=== Available records ===
══════

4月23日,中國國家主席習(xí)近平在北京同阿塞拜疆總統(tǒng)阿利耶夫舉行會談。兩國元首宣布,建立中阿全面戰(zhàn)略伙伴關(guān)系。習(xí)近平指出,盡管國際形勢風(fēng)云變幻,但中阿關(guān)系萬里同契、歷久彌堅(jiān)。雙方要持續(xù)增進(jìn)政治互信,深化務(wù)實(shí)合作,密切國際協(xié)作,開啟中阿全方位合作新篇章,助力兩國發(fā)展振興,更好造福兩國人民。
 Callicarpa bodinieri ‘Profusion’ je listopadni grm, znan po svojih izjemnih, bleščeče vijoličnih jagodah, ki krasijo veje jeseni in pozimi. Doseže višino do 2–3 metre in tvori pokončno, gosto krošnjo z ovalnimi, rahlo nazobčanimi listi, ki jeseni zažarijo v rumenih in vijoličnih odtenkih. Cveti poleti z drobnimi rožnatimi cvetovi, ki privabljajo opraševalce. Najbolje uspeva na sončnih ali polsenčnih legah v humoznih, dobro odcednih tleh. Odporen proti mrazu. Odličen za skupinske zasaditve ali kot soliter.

══════

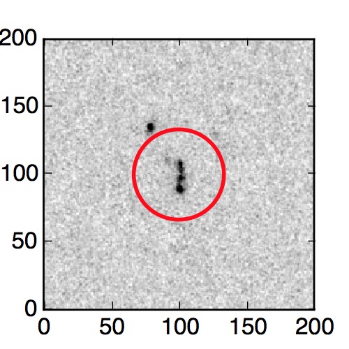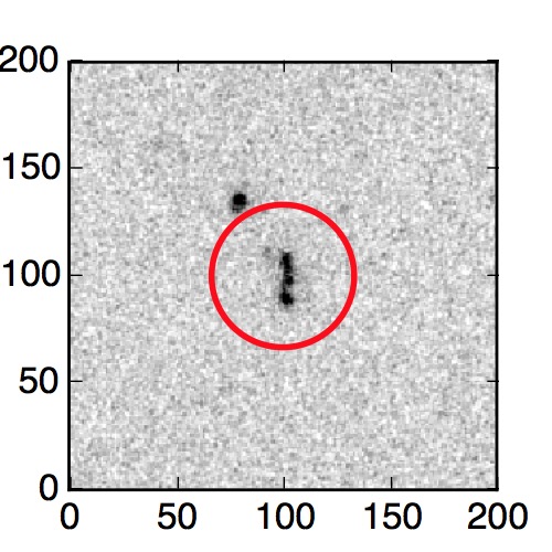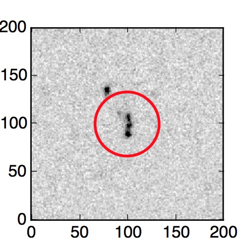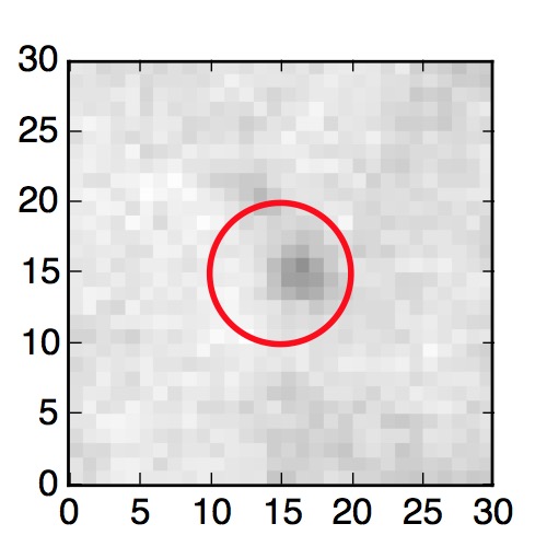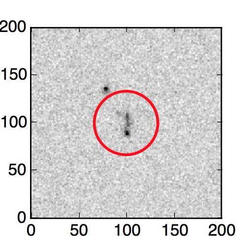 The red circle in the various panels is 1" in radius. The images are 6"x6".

══════

=== Exercise instructions ===
Will you return exactly the lines above from the one with "4月23日,中國國家主席習(xí)近平在" down to the one with "Callicarpa bodinieri ‘Profusion’", counting both as part of the range?

=== Task output ===
4月23日,中國國家主席習(xí)近平在北京同阿塞拜疆總統(tǒng)阿利耶夫舉行會談。兩國元首宣布,建立中阿全面戰(zhàn)略伙伴關(guān)系。習(xí)近平指出,盡管國際形勢風(fēng)云變幻,但中阿關(guān)系萬里同契、歷久彌堅(jiān)。雙方要持續(xù)增進(jìn)政治互信,深化務(wù)實(shí)合作,密切國際協(xié)作,開啟中阿全方位合作新篇章,助力兩國發(fā)展振興,更好造福兩國人民。
 Callicarpa bodinieri ‘Profusion’ je listopadni grm, znan po svojih izjemnih, bleščeče vijoličnih jagodah, ki krasijo veje jeseni in pozimi. Doseže višino do 2–3 metre in tvori pokončno, gosto krošnjo z ovalnimi, rahlo nazobčanimi listi, ki jeseni zažarijo v rumenih in vijoličnih odtenkih. Cveti poleti z drobnimi rožnatimi cvetovi, ki privabljajo opraševalce. Najbolje uspeva na sončnih ali polsenčnih legah v humoznih, dobro odcednih tleh. Odporen proti mrazu. Odličen za skupinske zasaditve ali kot soliter.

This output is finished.